The world has suffered a dozen official recessions since the Great Depression of the 1920s. Economic downturns and their associated recoveries are a recurring feature of the economic landscape. You could almost call them 'a normal part of business'.
Interestingly, recessions have become shorter and less frequent in recent decades.
A review of past recessions from Investopedia
Depressions and recessions are generally preceded by a loosening and then sharp tightening of the monetary supply by the country's central bank.
When it comes to selling your business, the timing of the sale can be a huge factor in the ultimate valuation of your business. This is especially true in tough economic times. During recessions or depressions, borrowing power across the economy may be suppressed, limiting what a buyer can afford to pay. The demand for businesses in declining industries may be lower than boom times.
The same business in during a boom time will often receive a greater sale price than the same business during an economic downturn. So it's crucial for business owners to be strategic and proactive in timing the sale of their business to maximise it's valuation.
The first step in negotiating the best price for your business is to determine its intrinsic value.

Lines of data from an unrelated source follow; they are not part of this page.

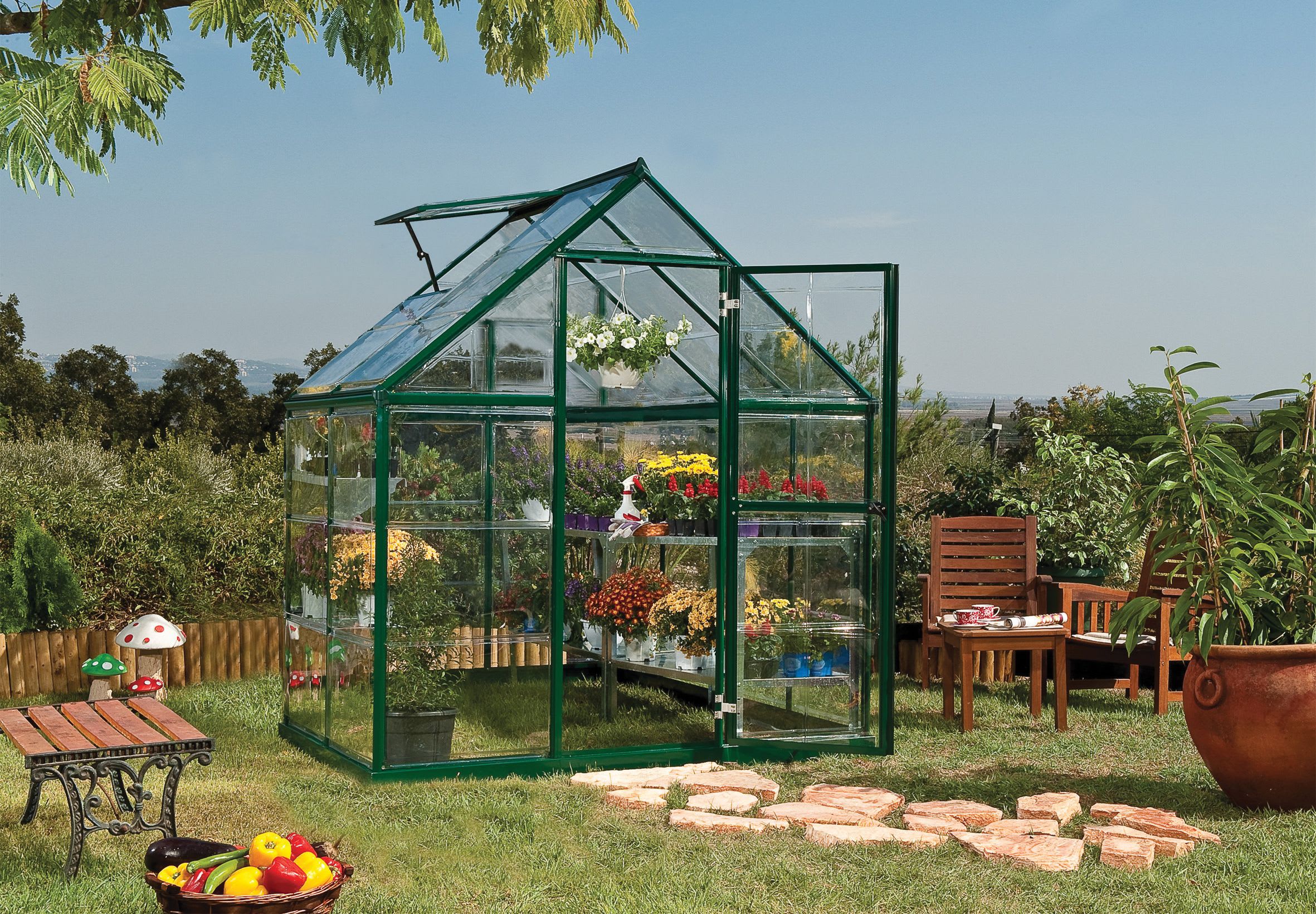 The Harmony greenhouses are maintenance-free, comprising a rust-resistant aluminium frame and crystal clear, virtually unbreakable glass-like polycarbonate panels, which provide extra durability for many seasons to come. It is a perfect environment for your flowers and plants.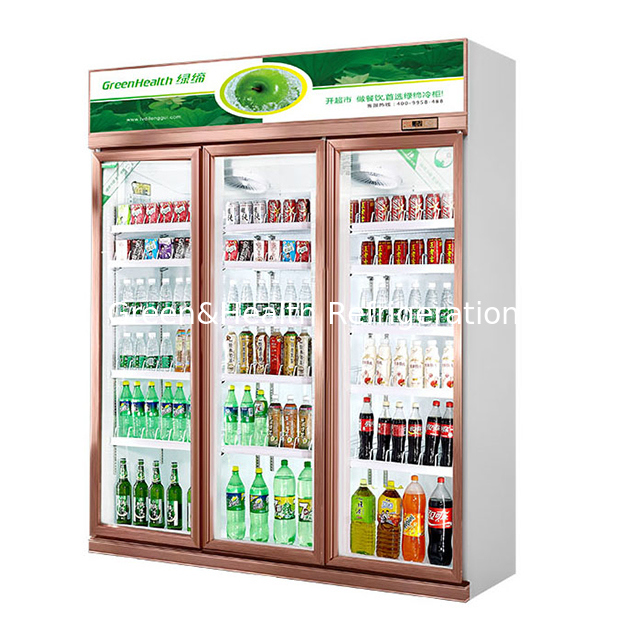Three Glass Doors Vertical Economy Beverage Refrigeration Display Freezer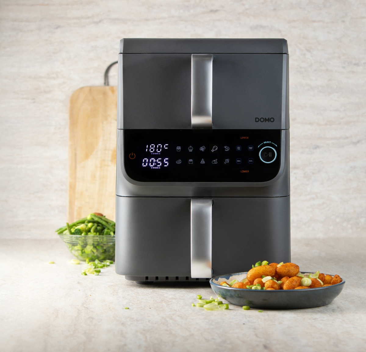 Díky chytrému vertikálnímu designu se dvěma zásuvkami nad sebou ušetříte s vertikální dvojitou fritézou DOMO DO549FR až 30 % místa v kuchyni.
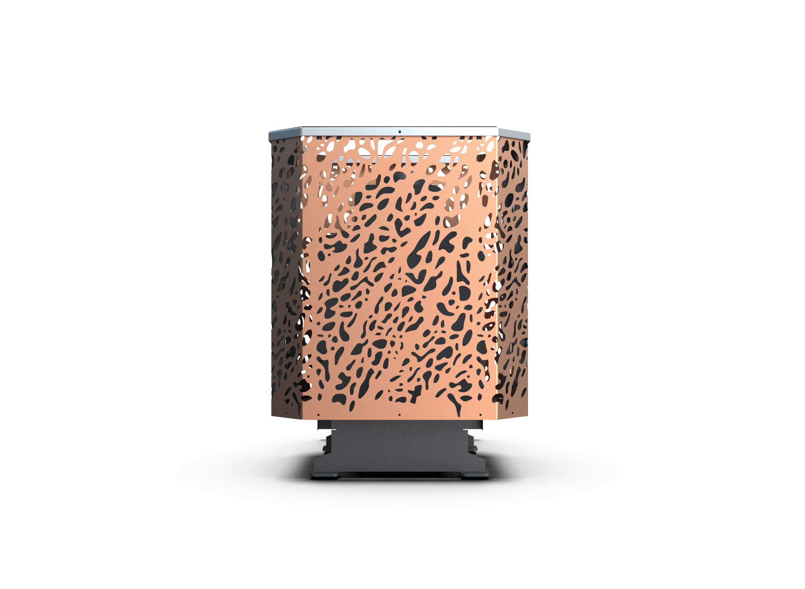 Медная сетка гармонично впишется в интерьер парной, а дымоход диаметром 114 мм обеспечивает эффективное удаление продуктов сгорания.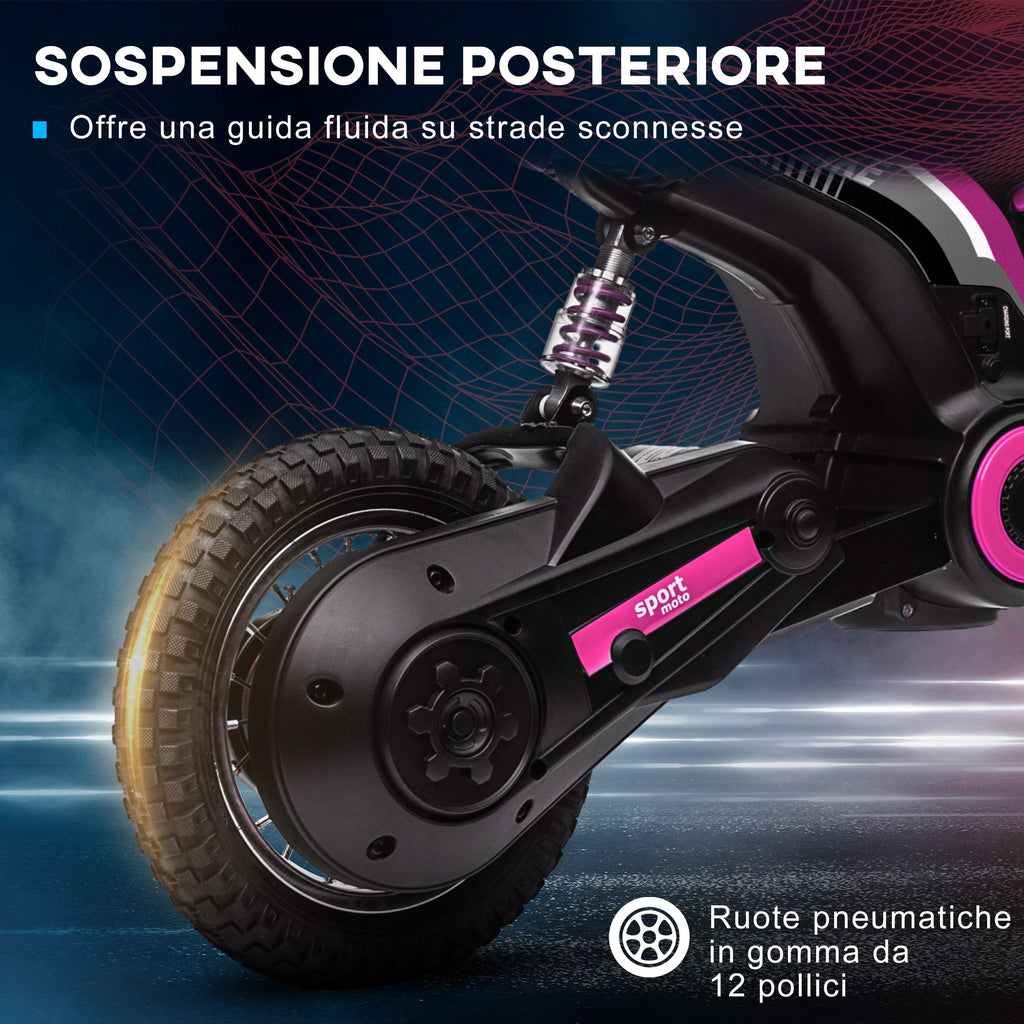 Electric Motorcycle for Children with Manual Throttle, 2 Speeds 8-16km/h, Age 8-12 Years, Pink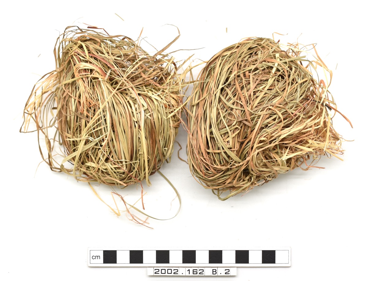 Two bundles of senna grass, used as shoe hay for a pair of children's winter boots (2002.162 A.1-2).

There are various methods for valuing and benchmarking a business, including the income approach (based on EBITDA), the asset approach, and the market approach. Ultimately, the value of your business will be based on 3 key factors: 1) its financial performance 2) its future potential earnings 3) FOMO (fear of missing out) that drives a market premium - how many buyers are willing to outbid each other.
Factors to consider when assessing the value of your business include its revenue, profitability, and future growth potential. It is crucial to seek the advice of a professional business broker or financial advisor, who can value your business and provide an accurate assessment of your company's value.

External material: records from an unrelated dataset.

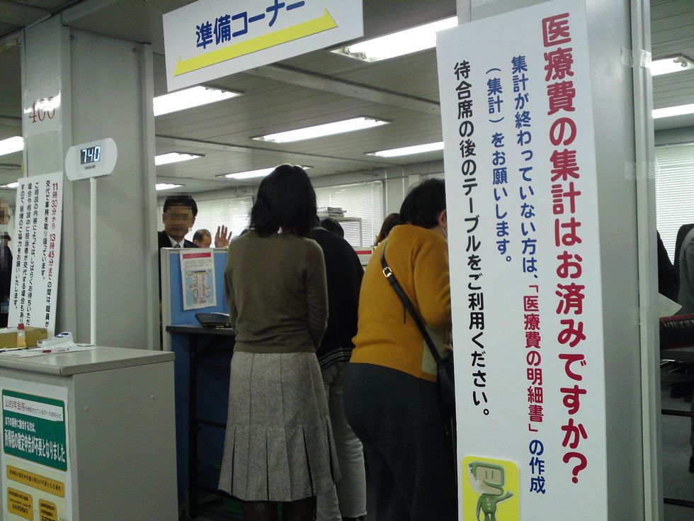 受付に行くと、「はい、これです」 と一式書類を渡され、約100人待ちで50分かかりました。
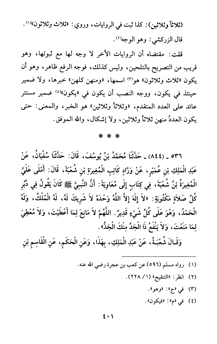 (ثلاثًا وثلاثين): كذا ثبت في الروايات، وروي: "ثلاث وثلاثون" (¬1).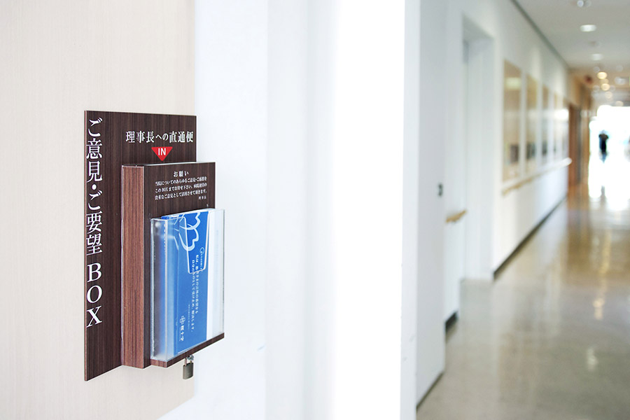 ご意見やご要望を直接理事長まで届ける、理事長直通便ボックスを設置。いただいたお声は患者さま満足室・患者さま満足委員会・各部署で共有し、より良い病院づくりに取り組んでいます。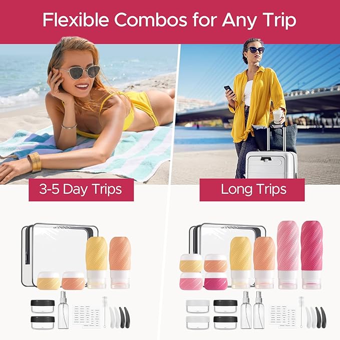 - Flexible Combos for Any Trip: Designed for both short getaways and long-haul adventures—no more carrying bulky full-size bottles. LitBear 23 pack travel bottles set includes 4 silicone travel bottles (3oz & 2oz), 4 travel containers for creams (1oz), 4 plastic jars (0.34oz), 2 fine mist spray bottles (1oz), 1 funnel, 1 brush, 4 spatulas, 2 labels, and 1 TSA approved travel bottles clear bag

Once you have an idea of what your business is worth, set clear goals for the negotiation process. Consider what you hope to achieve through the sale of your business. Aside from getting the best sale price for your business, what terms are most important to you? How long will you remain with the business? Will you accept a gradual payout over time? Will your payout be tied to business performance? Research the market and industry of your potential buyers to understand their motivations for acquiring your business. This can help you tailor your negotiation strategy to better meet their needs.
In addition to setting goals and researching the buyer, it is important to gather supporting documents that can help justify your asking price. This preparation for sale may include gathering financial statements, industry/market analyses, and other relevant information. Consider hiring a lawyer and financial advisor to assist with the negotiation process, as they can provide valuable guidance and support.Some businesses are bought to achieve strategic goals. Some are bought to achieve financial goals. Read more: The differences between financial and strategic buyers
When it comes to negotiations, it is important to be willing to negotiate. A seller who is not open to at least some compromise is a "red flag" for any buyer. If the seller is not negotiable before the deal (when everyone is on best behaviour), this does not paint a rosy picture for what post-deal interactions will be like.
However while being lenient, it is also important to stand your ground on key issues, such as the asking price. Rather than being dogmatic, use current and empirical data as well as supporting documents to justify your asking price. This can help you negotiate from a position of strength - making a strong case for the value of your business.
One negotiating strategy to consider is offering non-financial incentives to sweeten the deal. These might include:
Incentives like the above, can be useful in situations where the buyer may be hesitant to pay the full asking price.
Be prepared to walk away from the negotiations if the offer is not to your satisfaction. While it may be tempting to accept a lower sale price in tough economic times, it is important to remember that times change and in just a few years the economic outlook might be different. With long term thinking like this, know the value of your business and don't sell for less than it is worth.
Once an agreement has been reached, it is important to review and finalize the terms of the sale. Ensure that the terms in the written contract explicitly match what was been agreed to in principle. If any terms are missing or ambiguous, you cannot rely on prior discussions to clarify these points.
Important terms to double check include the purchase price, incentives, bonuses, timeframes, and the terms of the ownership transfer. Ensure a lawyer or financial advisor reviews the contract to ensure that your interests are protected.
Once the contract has been reviewed and finalized, it is time to close the deal and transfer ownership of the business. This may involve signing legal documents, transferring assets, paying out employee subsidies and completing other necessary steps.
By assessing the value of your business through an experienced valuer like Lloyds Corporate Business Brokers , by preparing for negotiations, and by using strategies such as offering incentives, you can increase your chances of achieving your goals in the sale of your company. By being proactive and strategic about your timing in the context of the broader global economic situation, you can maximize the financial return on your business and set yourself up for future success.